En la lista israelí también figura Oscar Gloukh, mediapunta de Ajax. El joven talento ya tuvo un guiño reciente con el fútbol irlandés: jugó contra Shelbourne en la ida de la fase previa de la Uefa Conference League, aunque se quedó en el banquillo en la vuelta en Tolka Park. Israel se medirá a Austria en Linz y a Kosovo en Debrecen antes de enfrentarse dos veces a Irlanda, la segunda en Bačka Topola, en Serbia, donde los irlandeses ejercerán de “locales” en el TSC Arena. La web oficial de la federación israelí, mientras tanto, permanece geobloqueada en Irlanda.

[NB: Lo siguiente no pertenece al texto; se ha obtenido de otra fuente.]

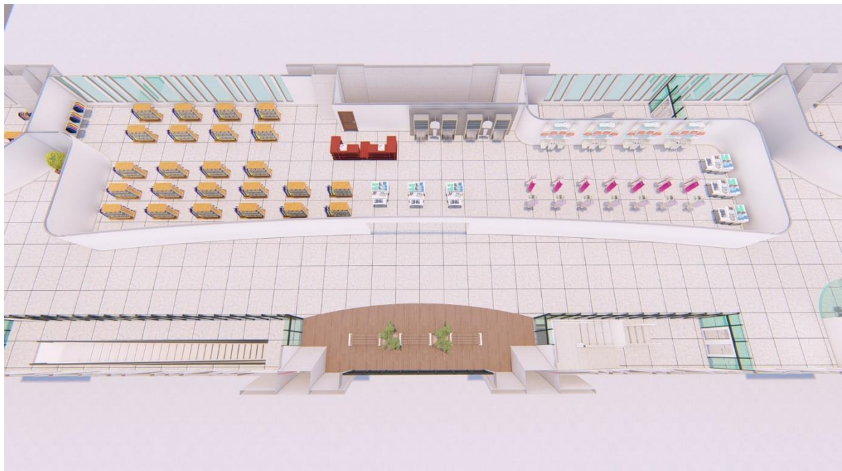
Gambar 5. 1 Shopping rent A

Kosovo, en cambio, llega rodeada de ruido. Justo antes de recibir a Irlanda en Pristina el próximo jueves, el vestuario vive una crisis abierta. Varios de sus mejores jugadores han renunciado a la convocatoria en apoyo a Amir Rrahmani, de Napoli. “Después de 10 años, siete como capitán, no formaré parte de la selección de Kosovo mientras la FKK esté dirigida por las personas actuales”, declaró Rrahmani, en un mensaje tan contundente como revelador.
Se cree que el exportero de Ipswich Town, Arijanet Murić, y el centrocampista de Juventus, Edon Zhegrova, también han rechazado acudir con el equipo de Franco Foda. Un problema mayúsculo para Kosovo y una oportunidad evidente para Irlanda en el arranque del grupo.
Calendario y horizonte
El camino irlandés en esta Nations League arranca el jueves 24 de septiembre en Pristina ante Kosovo (19.45 h). Tres días después, el domingo 27, Irlanda se enfrentará a Israel en Debrecen, Hungría, también a las 19.45 h.
Ya en octubre, el jueves 1, llegará el único partido “en casa” en el Aviva Stadium frente a Austria (19.45 h), antes de volver a verse con Israel el domingo 4 en Bačka Topola, Serbia, de nuevo a las 19.45 h.
Sin Coleman, con jóvenes que llaman a la puerta y rivales en situaciones muy distintas, esta ventana dibuja algo más que tres partidos. Marca el tono de una nueva etapa. La cuestión es clara: ¿aprovechará Irlanda este momento para cambiar definitivamente de piel?